Come l’attivazione cronica del sistema immunitario innato può portare al cancro
L’ultimo articolo, guidato dal primo autore Hexiao Wang, PhD, un borsista post-dottorato nel Petrini Lab e pubblicato su Genes & Development, rivela una connessione tra la segnalazione immunitaria innata e lo sviluppo del tumore nel tessuto mammario. “E”, dice il Dott. Petrini, “i dati suggeriscono che quando si verifica instabilità nel genoma, l’attivazione cronica del sistema immunitario innato può aumentare notevolmente le possibilità di sviluppare il cancro”.
Lo studio si è concentrato su un complesso proteico denominato Mre11, che svolge un ruolo fondamentale nel mantenimento della stabilità del genoma rilevando e riparando le rotture a doppio filamento nel DNA.
Per studiare come i problemi con il complesso Mre11 possano portare al cancro, il team ha manipolato copie della proteina in organoidi di tessuto mammario (organi modello in miniatura coltivati in laboratorio) e li ha poi impiantati in animali da laboratorio.
Quando gli oncogeni (geni noti per guidare il cancro) venivano attivati in questi topi, i tumori si manifestavano circa nel 40% dei casi, rispetto al 5% circa delle loro controparti normali. E i tumori nei topi con organoidi Mre11 mutanti erano altamente aggressivi.
La ricerca ha inoltre dimostrato che il mutante Mre11 ha portato a una maggiore attivazione dei geni stimolati dall’interferone (ISG). Gli interferoni sono molecole di segnalazione rilasciate dalle cellule in risposta a infezioni virali, risposte immunitarie e altri fattori di stress cellulare.
Hanno anche scoperto che il confezionamento del DNA, normalmente strettamente controllato, non era accessibile correttamente in questi organoidi, rendendo più probabile l’espressione dei geni, che altrimenti sarebbero stati inaccessibili per la trascrizione.
“Abbiamo effettivamente osservato differenze nell’espressione di oltre 5.600 geni tra i due diversi gruppi di topi“, afferma il Dott. Petrini. “E, cosa sorprendente, questi effetti profondi dipendevano da un sensore immunitario chiamato IFI205″.
Quando gli organoidi sono stati ulteriormente manipolati in modo da essere privi di IFI205, l’impacchettamento del DNA è tornato quasi alla normalità e i topi hanno sviluppato il cancro praticamente alla stessa velocità dei topi normali.
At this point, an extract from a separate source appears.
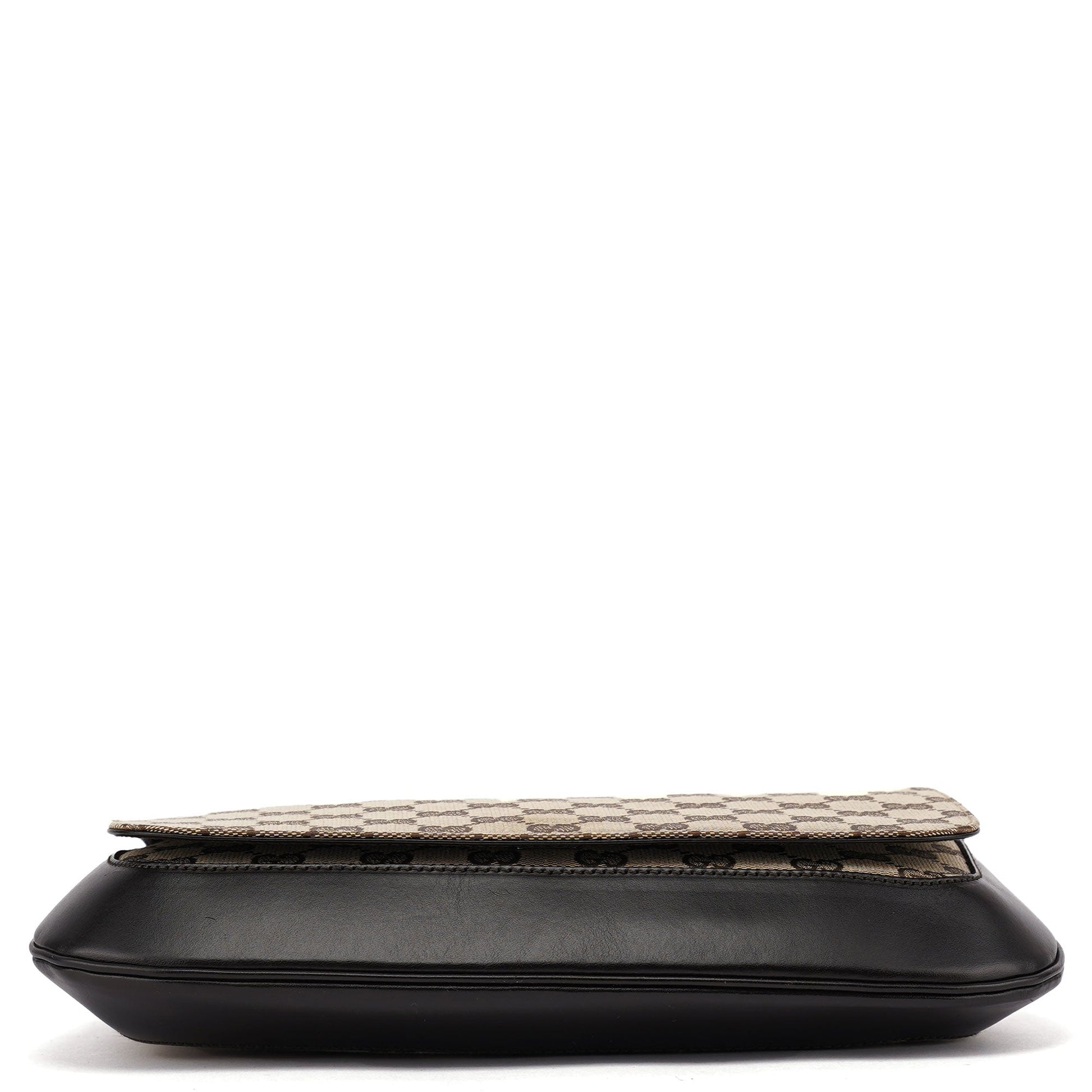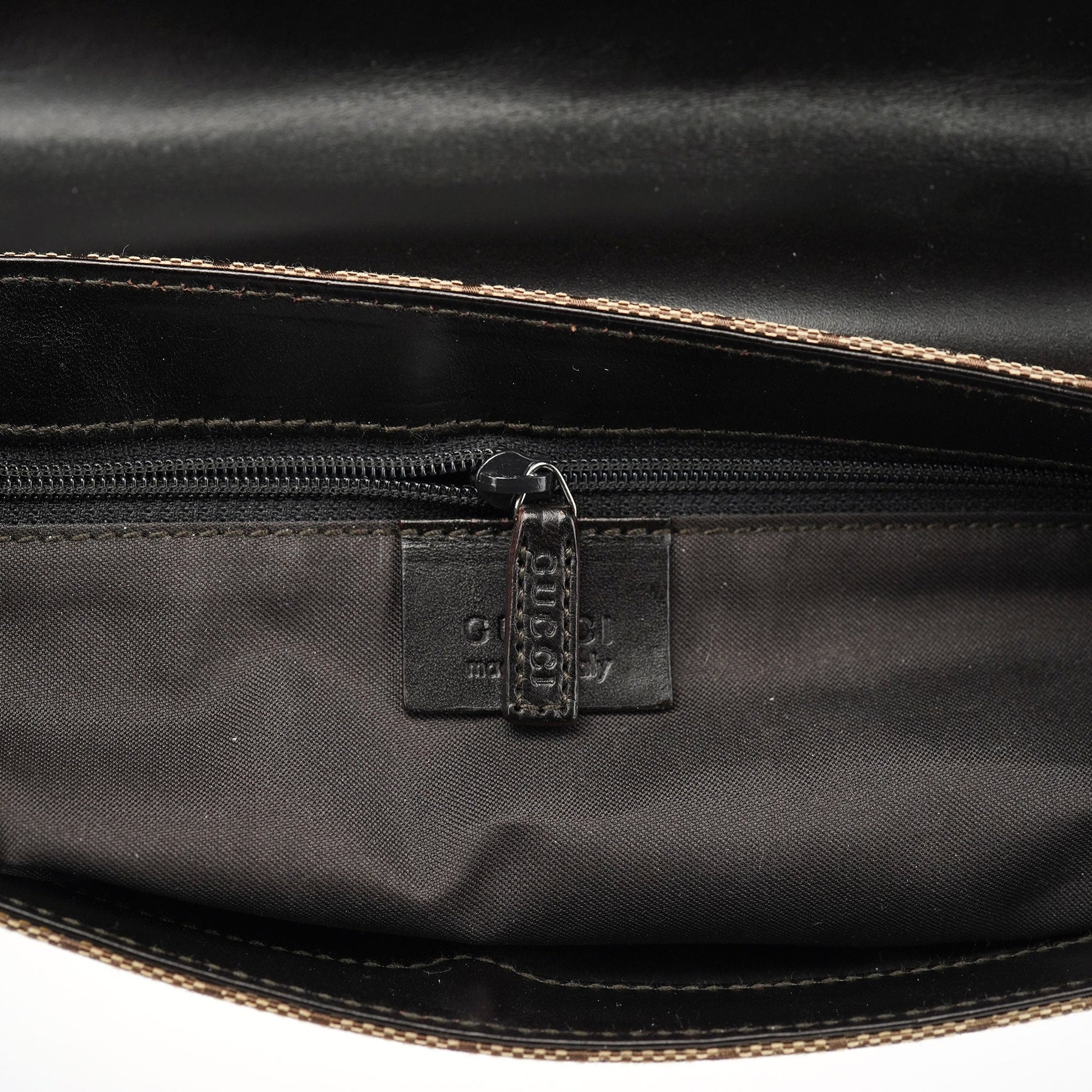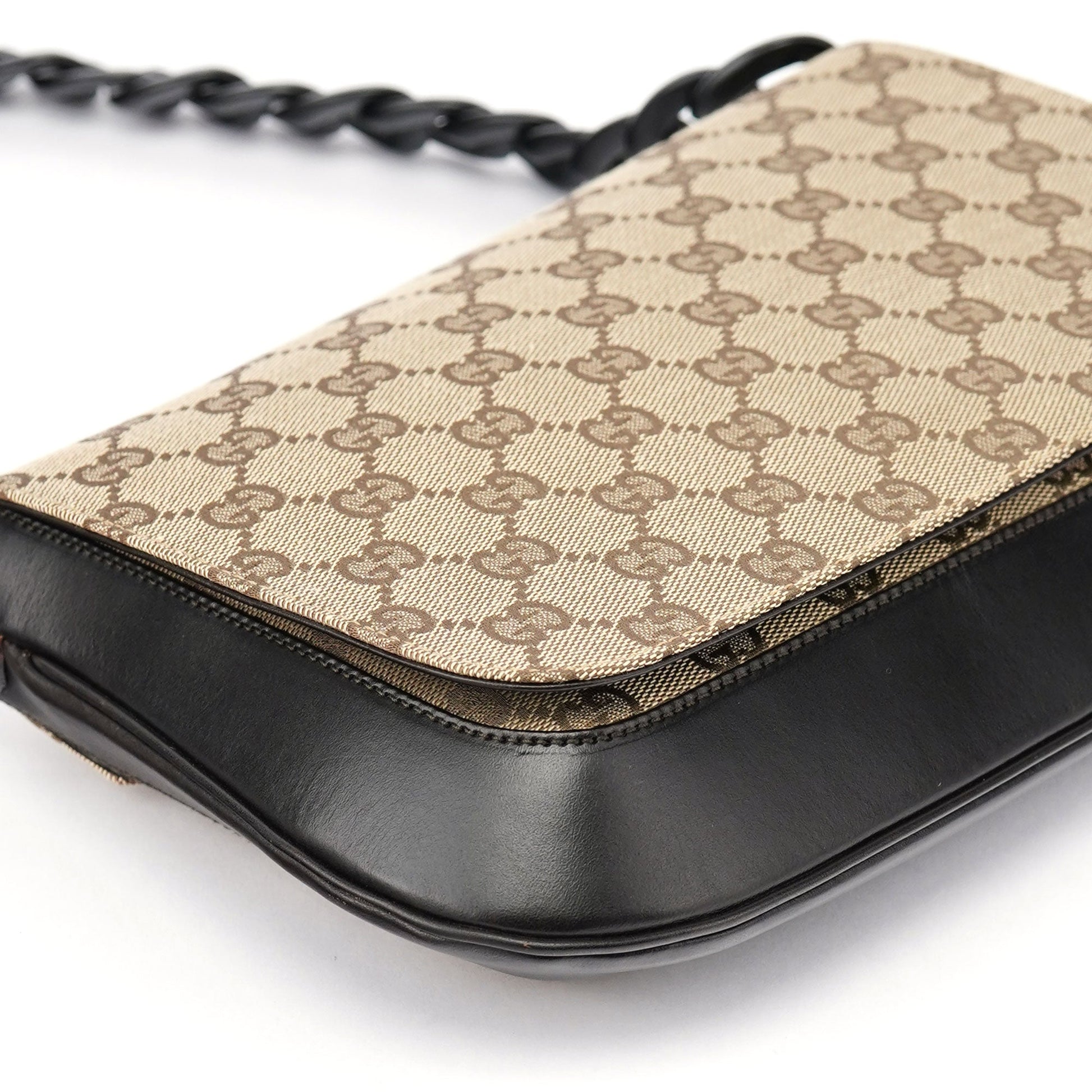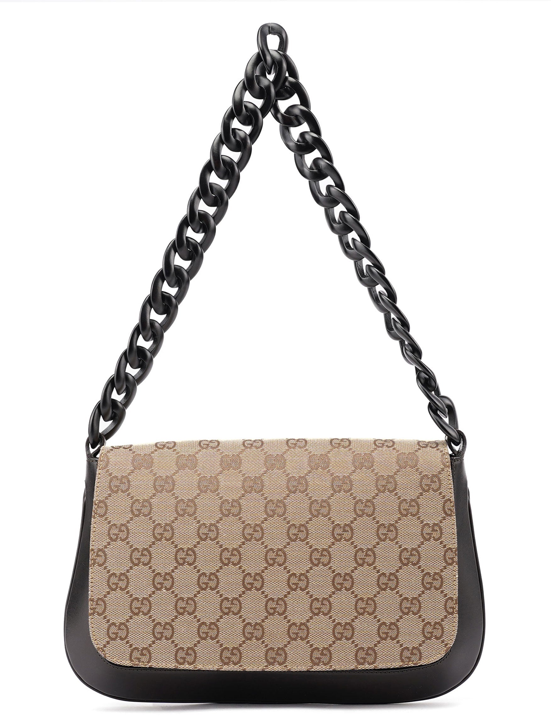 Designed by Tom Ford in the early 2000s, this rare Gucci GG Chain bag is handcrafted from beige GG monogram canvas with smooth brown leather trim. Its standout feature is the sculptural wood chain handle—a bold detail unique to this limited design. The flap opens to a satin-lined interior with a slip pocket, blending iconic branding with striking craftsmanship.

“Quindi, ciò che abbiamo imparato è che i problemi con Mre11, che possono essere ereditati o svilupparsi durante la vita come altre mutazioni, possono creare un ambiente in cui l’attivazione di un oncogene ha molte più probabilità di portare al cancro”, afferma il dott. Petrini. “E che il vero perno di questa cascata è questo sensore immunitario innato, IFI205, che rileva che c’è un problema e inizia a inviare segnali di allarme. In altre parole, quando si verificano problemi con Mre11, l’attivazione cronica di questa segnalazione immunitaria innata può contribuire in modo significativo allo sviluppo del cancro“.
Nuove conoscenze potrebbero aprire la strada a trattamenti futuri
Il lavoro si basa su uno studio precedente, guidato da Christopher Wardlaw, PhD, ex scienziato senior del Petrini Lab, apparso su Nature Communications.
Quello studio si è concentrato sul ruolo del complesso Mre11 nel mantenimento dell’integrità genomica. Ha scoperto che quando il complesso Mre11 è inattivo o carente, provoca l’accumulo di DNA nel citoplasma delle cellule e l’attivazione della segnalazione immunitaria innata. Questa ricerca ha esaminato principalmente il coinvolgimento di ISG15, una proteina prodotta da un gene stimolante l’interferone, nella protezione dallo stress della replicazione e nella promozione della stabilità genomica.
“Insieme, questi studi gettano nuova luce su come il complesso Mre11 funziona per proteggere il genoma quando le cellule si replicano e su come, quando non funziona correttamente, può innescare il sistema immunitario innato in modi che possono promuovere il cancro”, afferma il Dott. Petrini.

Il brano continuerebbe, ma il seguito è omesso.